Monday, 25 January 2016

My Days with Mr.Baan

I’ve been a software enthusiast for over 3+ years during my college days, and that was the year of the bubble burst (2000). When people were moving in the other directions I went towards software for my own passion. I am a civil engineering graduate so getting through interviews was difficult too. But the one thing I had (apart from passion) was the courage to get what I “like”. Apr 19 was my last college day and I didn't get the job I liked so I’ve got myself a computer teaching job at one of the coaching centres. And then Vanenburg Business IT solutions came for the interviews on Apr 20, and I got selected. 10+ years later in Cordys (previously Vanenburg), I was offered a Support Head position and I took it with the same passion and courage that I had 10 years ago - because I know I do well wherever I am into, and also because now I have had a wealth of experience the company gave me.



I had a career that started as a documentation engineer, writing comments. The interests and the enthusiasm I showed didn't go unnoticed, and I was brought into Development organisation writing Visual Basic based installer. I released the 1st web version of the product I am supporting now (15 years later), not to mention the first query builder I wrote is from this company. I was a developer, a technical lead, an engineering lead - and then head of an organisation - the opportunities were all most enticing but over the period, I became humble, I was conscious and most importantly, I owned what I did - and all of these were due to the opportunities I got in here.


There are many memorable events - the best things were always there before you know it :-) One of the very few events that I can still remember is the CEO sitting next to us, patting my shoulder and encouraging me to talk about technology - how many companies promote or even provide such a face-to-face opportunity? When Mr. Baan’s appreciations always come unannounced, and in 2013 was an event which he was presiding when he suddenly made me stand up and told how great I am handling the Support organisation - this kind of appreciation, individual attention is not something you can expect from a CEO, and yet he knows me!

Mr. Baan is always straight-forward, from appreciation to correcting the mistakes - it always came straight from him; it was never filtered or altered.

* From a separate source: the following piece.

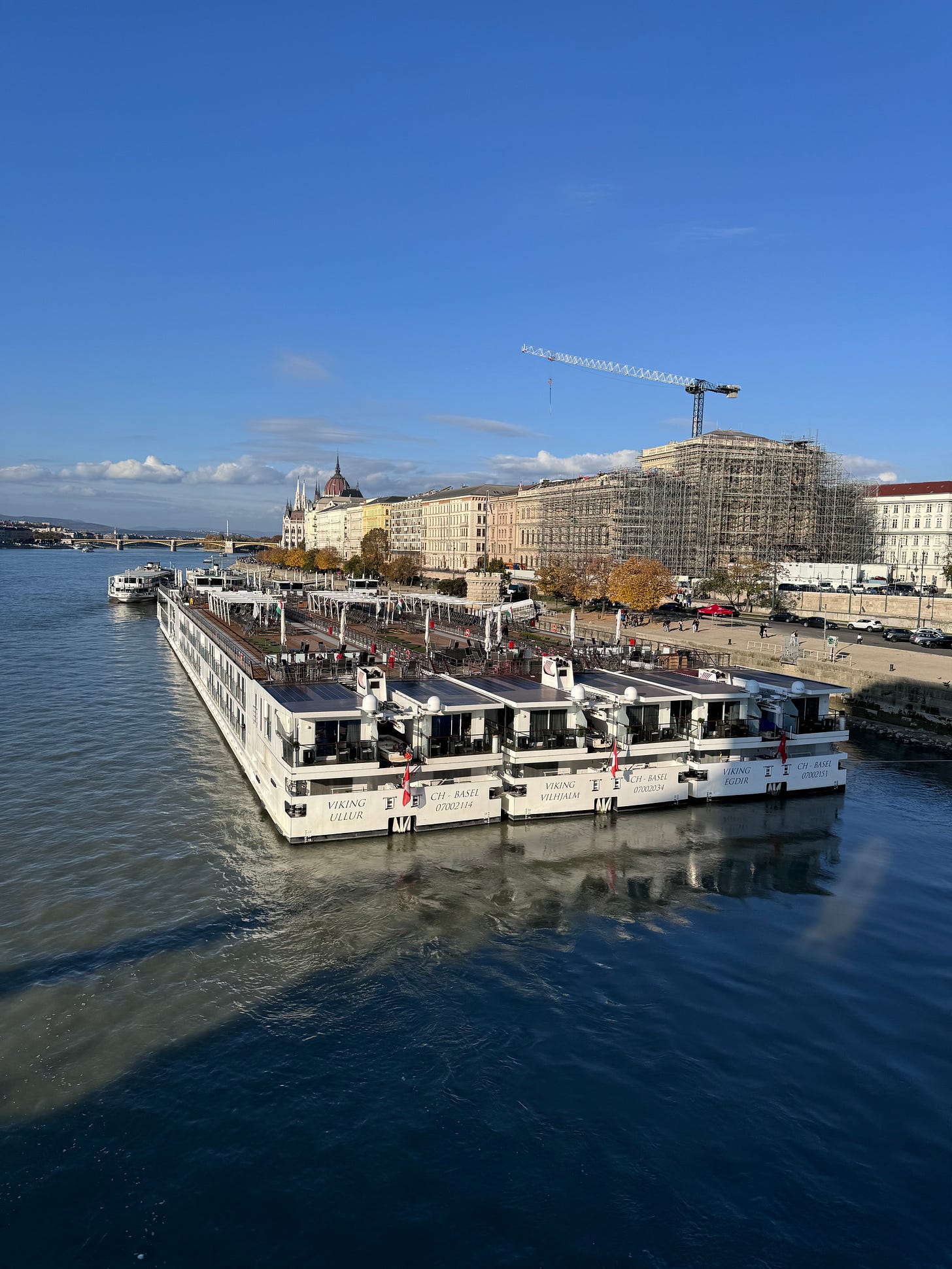 As I passed by our Hotel I realized I’d gone the wrong way! No worries. I hopped out at the next stop, then jumped on a tram going the other way. In 20 minutes we were passing over the River at Margarit Island. The next stop was it.

He did not manage things, not at least at the floor level - he lead people. He not only listens to your suggestions, but also ensures he tries and lets me know the outcome. He showed empathy to his employees, and always provided freedom, opportunities and ownership to everyone. Mr. Baan greatly respects an individual’s privacy - especially their family. Cordys had a culture of working only for 6 days, and taking break for 1 day which he considers a great need to connect to family and catch-up with themselves. This was even at a peak of having 200+ customers supported on a 24x7 basis.

People associate my personality to “leader”, not a “manager”. They respect my working style of connecting to each employee and asking the simple question “let me know if I can help you in any way”. I appreciate the individual when it comes to success, and in failure, I let the team own it (including the job of ensuring the individual knows his/her mistake). I realize the most important thing is to nurture talent. All of these qualities, some might say it as mine - were actually shaped up by the environment and the opportunities provided by it. And I am proud to say I learnt, experimented and later practiced all of this in Cordys. Everything I learnt in my professional career - most importantly everything I practiced in my professional life, came from here. It made me a leader that I am now, not just a manager.